Gramado (RS) – Grupo Técnico criado pela Sipcam Nichino Brasil para desenvolver soluções frente a desafios fitossanitários da pomicultura, o ‘Eloos Maçã’ realizou, nos dias 20 e 21 de maio de 2026, sua quinta reunião anual, na gaúcha Gramado. “Eloos Maçã tem por objetivo central conectar entes de todos os segmentos da cadeia produtiva da fruta, visando a fomentar avanços no manejo fitossanitário e fisiológico do cultivo”, resume José de Freitas, engenheiro agrônomo da área de desenvolvimento de mercado.

Durante o encontro, convidados fizeram um balanço da safra da fruta, encerrada recentemente, e mapearam os principais desafios atuais e futuros de manejo, entre estes a previsão de um “El Niño” possivelmente forte durante o próximo ciclo da cultura.

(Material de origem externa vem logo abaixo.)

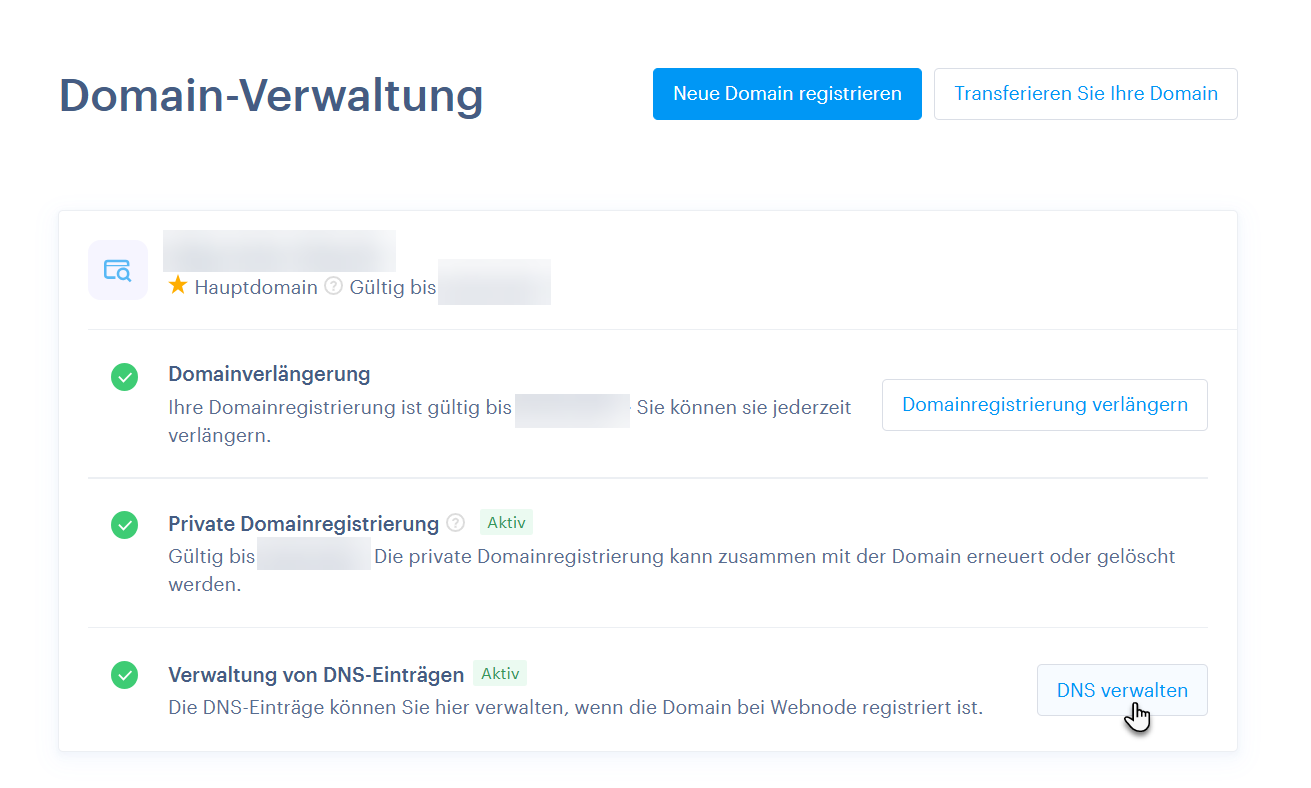 2. Klicken Sie neben der gewünschten Domain auf die Schaltfläche DNS verwalten.

Debateram ainda temas relevantes associados às principais pragas e doenças da maçã, entre estas grafolita, mosca das frutas, mancha da gala, sarna da macieira e cancro europeu.

Entre os convidados, destaque para os consultores Fernando Figueredo, André Werner, os pesquisadores Dr. Adalécio Kovaleski (On-line, da Embrapa Vacaria – RS), Dr. Felipe Ferreira (Epagri-SC), Me. José Itamar Boneti (Fito Consultoria) e Dr. Everlan Fagundes (Scienfruti). Marcaram presença ainda representantes das áreas técnica, de Marketing e Comercial da Sipcam Nichino.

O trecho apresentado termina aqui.